As Kenny already mentioned, “related component labeling” describes a family of algorithms that identify related pixels. Connected components are also called “connected areas” or “blocks”, as well as the associated concept of “circuits”. Any such algorithm should be able to find not only the shape of the connected foreground pixels, but also the presence of “holes” inside the figure, consisting of pixels of the background color.

http://en.wikipedia.org/wiki/Connected-component_labeling

This algorithm is used for several engineering fields that are based on image processing, including computer vision, machine vision, and medical imaging. If you are going to spend some time processing images, you should become very comfortable with this algorithm and implement it at least once yourself.

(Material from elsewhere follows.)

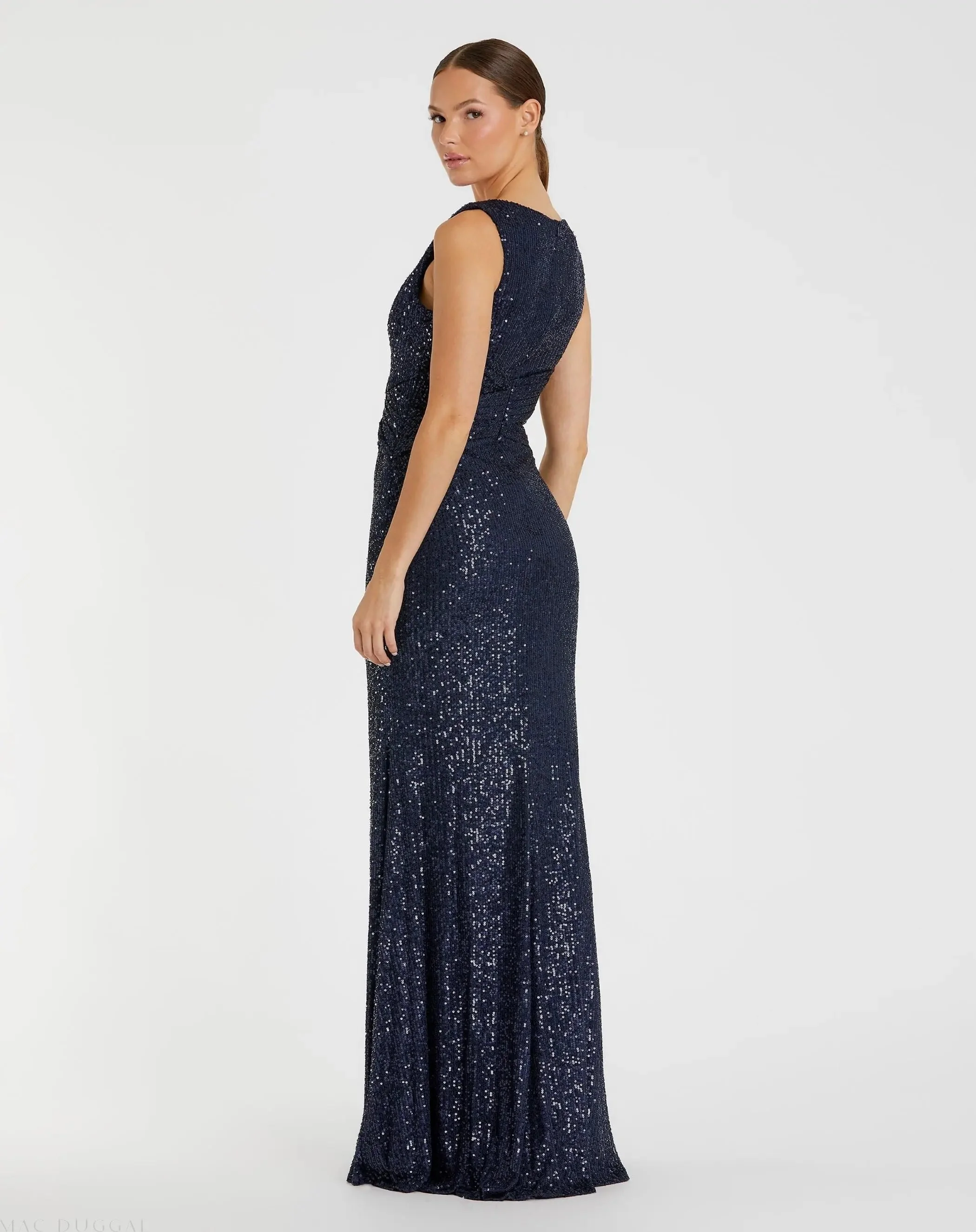 Navy V-Neck Sequin Wrap Waist Gown

The OpenCV library has a findContours () function that can be used to search for outlines, outlines within outlines, etc.
http://opencv.willowgarage.com/wiki/

If you want to see the algorithm for marking areas at work, find links to "cell counting" using the ImageJ application. Biological cell counting is an important and often cited application of region labeling for medical imaging.

http://rsbweb.nih.gov/ij/

Consider getting a textbook on this subject, rather than learning in parts online. The study of related components (aka blobs) inevitably leads to the consideration of binarization (the threshold value aka), which takes on shades of gray or a color image and generates a black and white image from it. If you work with images from the camera, the lighting becomes critical, and it takes time and skill to study.

There are many other preprocessing steps that may be required to clean the image. The need for preprocessing depends on your application.

A tutorial is often recommended here, which gives a good overview of standard image processing methods:

Digital Image Processing by Gonzalez and Woods, 3rd Edition http://www.imageprocessingplace.com/

Go to addall.com to find cheap copies. International publications are cheaper.

If the characters (or other shapes) in the image have a consistent size and shape, for example, "A" always has a height of 40 pixels and 25 pixels and prints the same font - then you can use the "normalized cross-correlation" or pattern matching method for identify the presence of one or more matching shapes. This method may work as a very crude form of OCR, but has serious limitations.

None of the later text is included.